The Journal of Informed Pharmacotherapy 2002;11:406.
Smith J, B.Sc.(Pharm), Don Hamilton, B.Sc.(Pharm), Roxane Carr, B.Sc.(Pharm) Pharm.D.
Department of Pharmacy, Children's and Women's Hospital of British Columbia, Vancouver, British Columbia, Canada
Canadian Society of Hospital Pharmacists (British Columbia Branch) Residency Research Presentation Night, Vancouver, British Columbia, Canada. May 8, 2002.
To examine the practice of potassium chloride (KCl) replacement in pediatric oncology patients receiving amphotericin B (amp-B); including a review of adherence to the KCl replacement guidelines in our institution as well as a review of the literature and other pediatric institutions' KCl replacement protocols.
A Canadian teaching institution.
A retrospective chart review was conducted of patients who received amp-B on the oncology ward between August 27, 2000 and May 17, 2001. A literature search was conducted. A survey of pediatric oncology pharmacists at other pediatric institutions was done to assess KCl infusion guidelines in other institutions across North America.

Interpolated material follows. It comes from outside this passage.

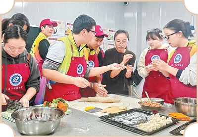 二连浩特第一中学的中蒙两国师生在包饺子。 乌图布信摄
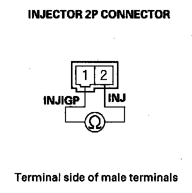 21. At injector side, measure resistance between injector 2P connector terminals No. 1 and No. 2.

A total of 20 hypokalemic episodes were identified within 22 patient admissions. Of these episodes, 55% used KCl replacement at rates exceeding our institution's current guidelines. Physicians were adherent to providing proper documentation of each episode requiring an interim policy for a rate exceeding our hospital guidelines. A consensus on the maximum rate of KCl that can be safely infused in a non-critical care ward could not be found in the literature. Other pediatric institutions varied with respect to the maximum rates and concentration of KCl permitted on non-intensive care wards..
Based on the data from this review, the intravenous KCl administration guidelines for our hospital were changed. We now allow a maximum peripheral line concentration of 60 mmol/L (as per current protocol), a maximum central line concentration of 120 mmol/L (increased from 80 mmol/L), and a maximum KCl infusion rate of 0.4 mmol/kg/hr (increased from 0.3 mmol/kg/hr) without the requirement of a heart monitor. TPN is now restricted to maximum concentration of 80 mmol/L and fluid restricted patients are restricted to a maximum concentration of 150 mmol/L. As the methodology of this study provided only an estimation of the KCl requirement in a select population, it is important that the effects from the changes of the new guidelines are frequently monitored. It is also important that physician, nursing, and pharmacy staffs are well educated on the new guidelines and continuously monitor for efficacy and toxicity of IV KCl therapy.